Talking about the depths of heartbreak is so seamless for Ryan Trey that he can easily contextualize it while describing his love for hookah at the same time. In mid-October at Atlanta’s Billboard Studios, the St. Louis-born, Atlanta-based artist is refreshingly honest. And it’s not the type of honesty that feels pompous enough to perceive him as the “nice guy” in romantic relationships. He’s keenly aware of his mistakes.
In turn, his songs about relationship woes sound as turbulent as a hurricane — making you want to save him upon the first listen. “Rather be dead ‘cause without you I’d be dead inside,” he sings on “Seeing Signs,” a track from his forthcoming album.
“I’m just hurt, you know,” he said. “Like, just really hurt. Even now, when I listen to certain things, I’m like, ‘Why did I say that?’ ... I’m still apologizing for the way things fell out.”
“Streets Say You Miss Me,” the singer’s major label debut album, drops on Friday, Nov. 3. And, like most of his projects, it’s inspired by a recent breakup. But this time, Trey is as remorseful as he is rebellious. Across 13 tracks, he delivers a sometimes caustic and sometimes heartfelt ode to a soured relationship that became even messier after the breakup. The album boasts features from Mariah the Scientist, Vory, Chase Shakur and NoCap.
“As I was going through this thing in my love life, it kind of gave me things to say. It was like a catch-22 because the substance was there, but there’s a version of me that wishes I didn’t have to go through anything I went through to get the music I got.”
Credit: arvin.temkar@ajc.com
Credit: arvin.temkar@ajc.com
The new LP chronicles the aftermath of a breakup that occurred roughly two years ago. At the time, Trey lived in Los Angeles and admits that he embarked on a bitter summer feud with his ex just to prove how much he didn’t care about her, although he did. Things got as petty as subliminal Instagram posts and awkward run-ins with them arguing in public.
“I’d Rather Not,” the album’s opener, is backed by booming chords that blare so loudly in the beginning to introduce an important declaration that Trey wants you to know: he’s no longer responding to texts from his ex (“Thinking to myself, ‘Oh my god can’t go down this road again’/ [Expletive] so hard cause I can’t hold back the feelings I’m holding in,” he sings on the track). The acoustic strings of “Redwing Drive” make Trey’s detailed reflection on the demise of his relationship sound like a sweet lullaby. But, by the end of the song, it transforms into bars of denial that attempt to mask his pain. “Ain’t Even Friends,” which features Mariah the Scientist, finds the pair trading lines about how much they mourn a failed romance.
“(We were) trying to one up each other in hopes of making each other jealous, so like staying outside, talking to new people we didn’t really care about just to get under each other’s skin knowing neither of us are really like outside type of people,” the 24-year-old said about the breakup. “Regardless of how fine we may act like we are, we’re just hurt it ended the way it did... I may look like I’ve moved on, but the streets are telling her the opposite and it sounds more like I missed her and I’m telling her the same thing.”
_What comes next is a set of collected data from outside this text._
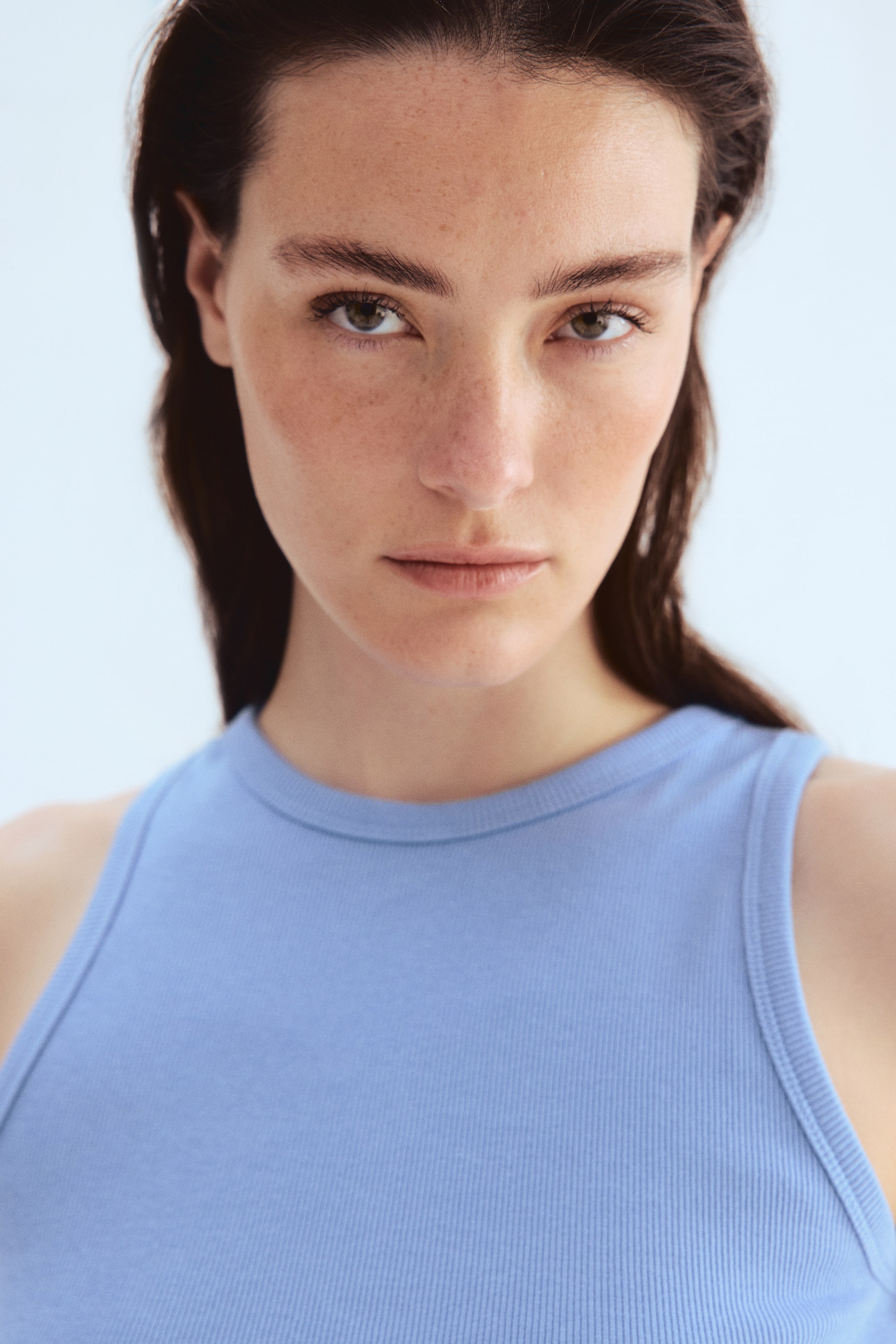Kurzes figurnahes Tanktop aus geripptem Baumwolljersey mit schmalen Einfassungen an Halsausschnitt und Armöffnungen.
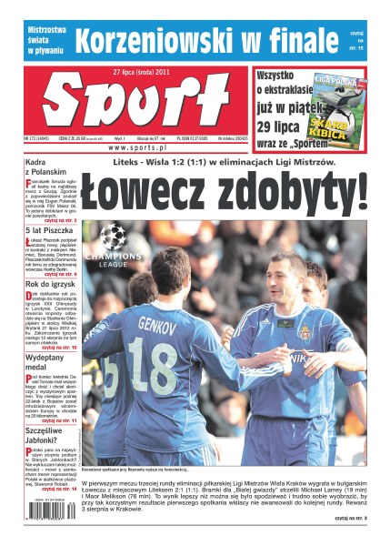 Wisła Kraków pokonała Liteks Łowecz 2-1 w eliminacjach ligi Mistrzów; mistrzostwa świata w pływaniu – Korzeniowski w finale; Eugen Polanski w kadrze Franciszka Smudy; Łukasz Piszczek podpisał pięcioletni kontrakt z Borussią Dortmund; dziś dokładnie rok pozostaje do rozpoczęcia Igrzysk XXX Olimpiady w Londynie; Dawid Tomala został młodzieżowym wicemistrzem Europy w chodzie na 20 kilometrów.
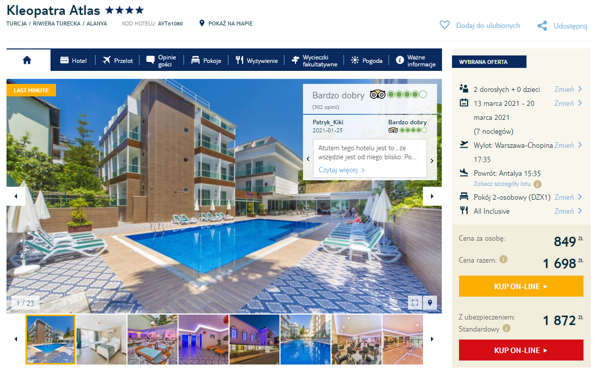 Oferta dla zdecydowanych podróżnych, lubiących spontaniczne wyjazdy. Powrót zimy daje wam się we znaki? Uciekajcie w najbliższy weekend w stronę słońca – na tureckie wybrzeże! Czeka tam na was położony niedaleko plaży 4* hotel z all inclusive oraz normalność okolicy w dobrym tego słowa znaczeniu – w Turcji atrakcje turystyczne, bary i restauracje pozostają otwarte.
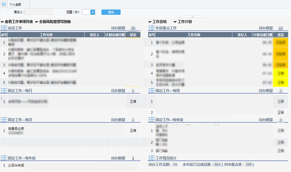 工作台中将工作分为动态工作、固定工作和年度重点工作,根据重要程度又划分为动态一般、动态重点、固定一般和固定重点。其中固定工作的频率划分为日、周、月、季度和年度,工作台可根据对应频率自动生成工作任务,防止固定工作被遗漏。工作台还具有任务派发,自动生成工作总结、工作计划的功能。风险管理人员将所有工作内容录入工作台中,其记录的工作量将为员工考核提供依据。
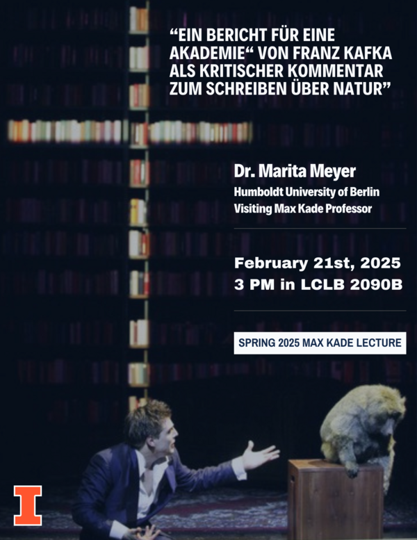 Visiting Max Kade Professor, Marita Meyer, will present “Ein Bericht für eine Akademie“ von Franz Kafka als kritischer Kommentar zum Schreiben über Natur”.
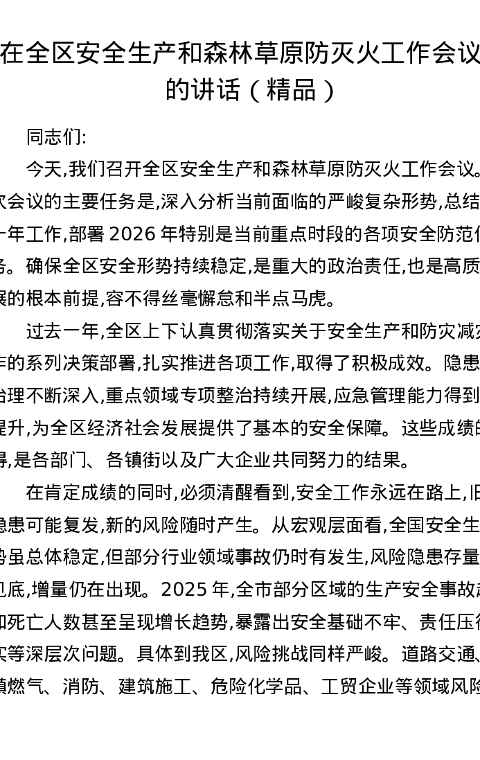 在全区安全生产和森林草原防灭火工作会议上的讲话
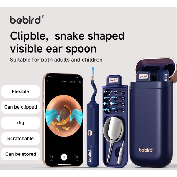 Bebird Smart Ear Wax Removal Ear Sight Plus Bendable Lens: Constructed with innovative materials and structure, the device can bend, twist, and conform to various shapes without compromising performance or visibility. Manual Tweezers: A precision tool for grasping and manipulating small objects. Offering precise control and accuracy these tweezers are designed to handle delicate tasks with accuracy. Portable Storage Case: Made from high-quality materials, this storage case is durable and designed to safely store your device for easy transport for health care, anywhere.
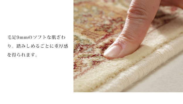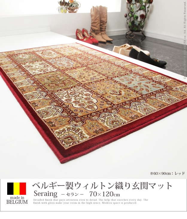 ※メーカー直送のため代金引換はお受けできません。※沖縄・一部離島は別途送料がかかります。お見積もりいたしますのでお問い合わせ下さい。商品について:レーヨンの細く柔らかい繊維を100万ノットの高密度で織り上げたベルギー製の玄関マット。繊細なデザインや光沢感、ソフトな肌触りが快適です。伝統的なベルシャデザインのヘシテイ柄は、玄関をゴージャスな雰囲気に演出してくれます。サイズ(cm):幅70x奥行120cm・約3.5kgカラー:アイボリー・レッド材質:レーヨン100%株式会社ナカムラ(51000069)
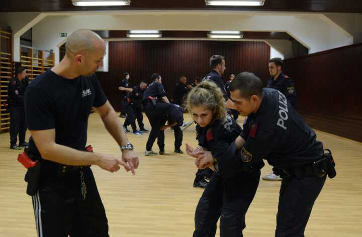 Beschreibung:Auf dem Bild sind Exekutivbedienstete in Polizeiuniformen zu sehen, die an einem Training teilnehmen.
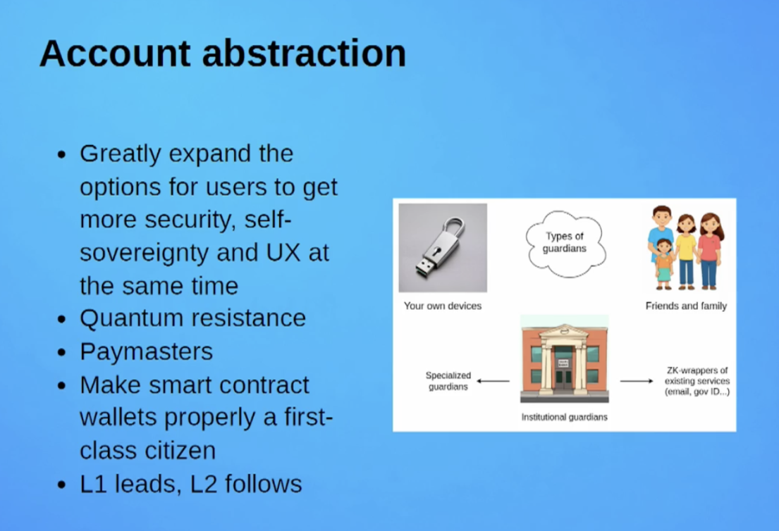 此外,通过社交恢复(Social Recovery)和 Guardians 等技术,以太坊还将提供更为去中心化的身份验证与资产控制方案。

The drama highlighted in Trey’s new music stems from his previous relationships. Although Trey was born and raised in St. Louis, his family moved to Washington, D.C., when he was in third grade, and he stayed there until his freshman year of high school when he returned to St. Louis. That’s when he experienced his first heartbreak from someone he considered his childhood sweetheart.
“It was tough because not only was that the girl I wanted to be with, she was also my segue to stay in touch with everybody in D.C., so I kind of went through this depression,” Trey said. “I went to four different high schools in four years. I never had a set friend group, which kind of threw me into music because I was always in my room a lot, just being by myself and I started writing and stuff like that. That’s what threw me into making music in general.
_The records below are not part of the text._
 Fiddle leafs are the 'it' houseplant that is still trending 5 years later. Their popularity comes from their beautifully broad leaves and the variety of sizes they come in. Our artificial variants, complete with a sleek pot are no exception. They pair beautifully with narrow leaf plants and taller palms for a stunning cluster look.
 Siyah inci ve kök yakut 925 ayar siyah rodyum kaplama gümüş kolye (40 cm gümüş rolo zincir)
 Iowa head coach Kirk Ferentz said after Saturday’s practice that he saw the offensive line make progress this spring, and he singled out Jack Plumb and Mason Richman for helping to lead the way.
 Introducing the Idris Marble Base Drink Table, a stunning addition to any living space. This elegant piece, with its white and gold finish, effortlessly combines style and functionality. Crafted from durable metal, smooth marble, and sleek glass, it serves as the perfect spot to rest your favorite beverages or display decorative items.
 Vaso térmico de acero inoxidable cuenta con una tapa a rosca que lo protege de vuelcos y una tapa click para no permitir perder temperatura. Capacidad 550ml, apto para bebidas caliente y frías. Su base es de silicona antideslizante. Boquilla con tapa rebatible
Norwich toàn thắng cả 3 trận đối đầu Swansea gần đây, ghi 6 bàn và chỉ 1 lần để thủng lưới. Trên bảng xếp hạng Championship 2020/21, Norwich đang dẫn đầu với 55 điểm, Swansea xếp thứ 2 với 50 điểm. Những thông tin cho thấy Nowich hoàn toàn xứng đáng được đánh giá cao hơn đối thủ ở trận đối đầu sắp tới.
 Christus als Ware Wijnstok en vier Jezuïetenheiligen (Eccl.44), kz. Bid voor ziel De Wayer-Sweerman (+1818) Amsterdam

“Obviously, me just being young, I thought the long distance at that time was going to work,” he said. “She ended up cheating and a whole bunch of stuff. Going through that that young was kind of traumatizing.”
That was the impetus for his debut project “August,” which dropped in 2018. Trey’s effortless knack of weaving trap beats with his bluesy croons on melodramatic romance garnered the attention of LeBron James and R&B singer Bryson Tiller, with whom Trey collaborated on the 2019 single “Nowhere to Run.” He followed that success with 2021′s “A 64 East Saga,” a 14-track EP that alludes to the late-night drives on I-64 that became his solace amid relationship uncertainty with a different ex.
“‘A 64 East Saga’ was like (me) meeting someone, then realizing that I’m only with you because I’m trying to recover from the first situation, so I’m with you out of comfortability not cause I really, really love you,” he said. “And ‘Streets Say You Miss Me’ is (about) someone I actually love, but I didn’t know who I was when I met you. Even though, you’re the one I feel like is for me, it’s still not working because I didn’t heal myself from these two situations.”
Credit: arvin.temkar@ajc.com
Credit: arvin.temkar@ajc.com
Now, Trey affirms that he’s no longer upset by the most recent breakup. He even hints at a future project where he’s able to reveal his softer side because he knows that “hurting the person that hurt you won’t help you heal.”
He credits his move to Atlanta for his growth as an artist. “Streets Say You Miss Me” is his most collaborative project to date. Trey moved to from Los Angeles to Atlanta because he likes the city’s tight-knit musical community, which led him to work with fellow Atlanta artist Mariah the Scientist and develop a professional relationship with her.
No song on “Streets Say You Miss Me” highlights Trey’s growth more than “Nobody,” the closing track. It’s swaddled in a bubbly dance beat that makes the tension in Trey’s croons for a past lover feel exciting.
Although he’s grateful for his budding popularity (just listen to his appearance on Jordan Ward’s entrancing jam “White Crocs,” which SZA and Tyler, the Creator co-signed), Trey isn’t really concerned about mainstream attention. He just wants to continue making music that’s honest.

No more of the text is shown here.